Your goal
Starting with the line that contains "Розовый клевер растет в поле" and ending with the last line of the listing, print each line exactly. Pictures stay out.

Excerpted records
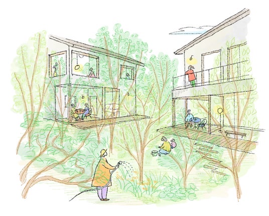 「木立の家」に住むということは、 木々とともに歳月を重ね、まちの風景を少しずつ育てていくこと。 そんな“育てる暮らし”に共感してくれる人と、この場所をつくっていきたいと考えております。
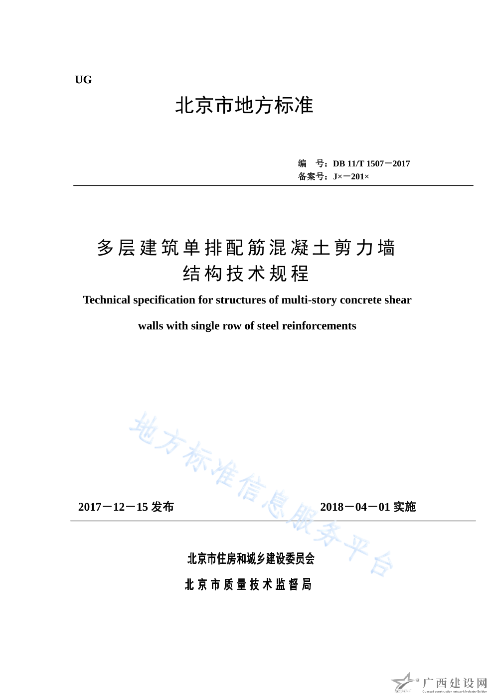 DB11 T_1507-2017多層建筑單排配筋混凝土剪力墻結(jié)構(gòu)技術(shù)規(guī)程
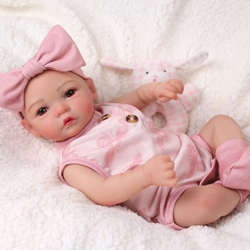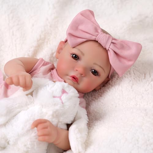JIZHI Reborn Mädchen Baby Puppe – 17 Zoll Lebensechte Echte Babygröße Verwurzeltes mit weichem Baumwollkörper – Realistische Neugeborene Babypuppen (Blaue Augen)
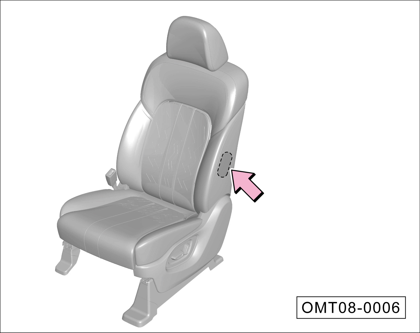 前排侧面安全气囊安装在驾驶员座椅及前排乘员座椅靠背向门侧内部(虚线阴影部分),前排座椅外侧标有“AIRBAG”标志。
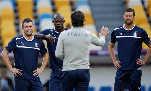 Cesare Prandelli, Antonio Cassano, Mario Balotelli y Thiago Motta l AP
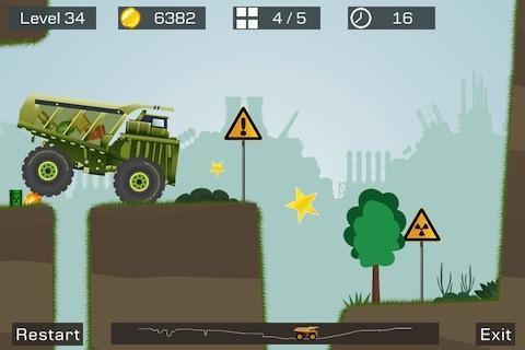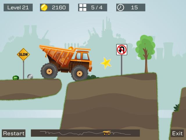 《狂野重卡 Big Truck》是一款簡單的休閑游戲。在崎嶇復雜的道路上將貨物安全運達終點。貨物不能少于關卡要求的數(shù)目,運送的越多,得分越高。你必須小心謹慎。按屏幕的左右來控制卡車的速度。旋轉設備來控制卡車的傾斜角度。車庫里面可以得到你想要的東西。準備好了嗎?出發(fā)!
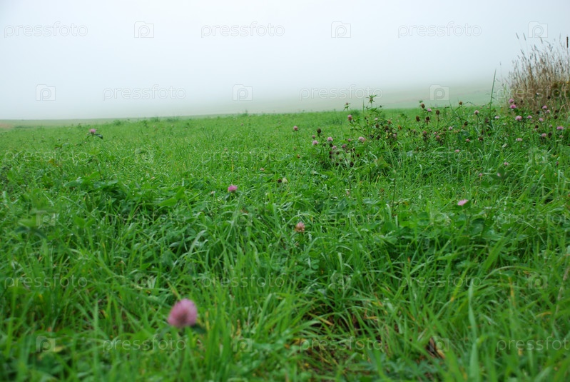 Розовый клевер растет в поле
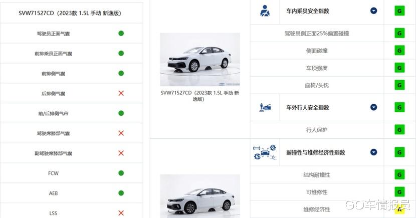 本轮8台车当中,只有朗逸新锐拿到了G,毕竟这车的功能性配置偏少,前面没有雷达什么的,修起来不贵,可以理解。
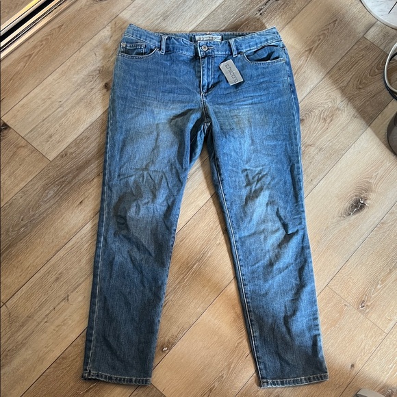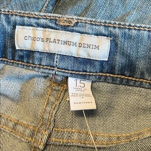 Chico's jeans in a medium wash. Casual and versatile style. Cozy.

The answer
 Розовый клевер растет в поле
 本轮8台车当中,只有朗逸新锐拿到了G,毕竟这车的功能性配置偏少,前面没有雷达什么的,修起来不贵,可以理解。
 Chico's jeans in a medium wash. Casual and versatile style. Cozy.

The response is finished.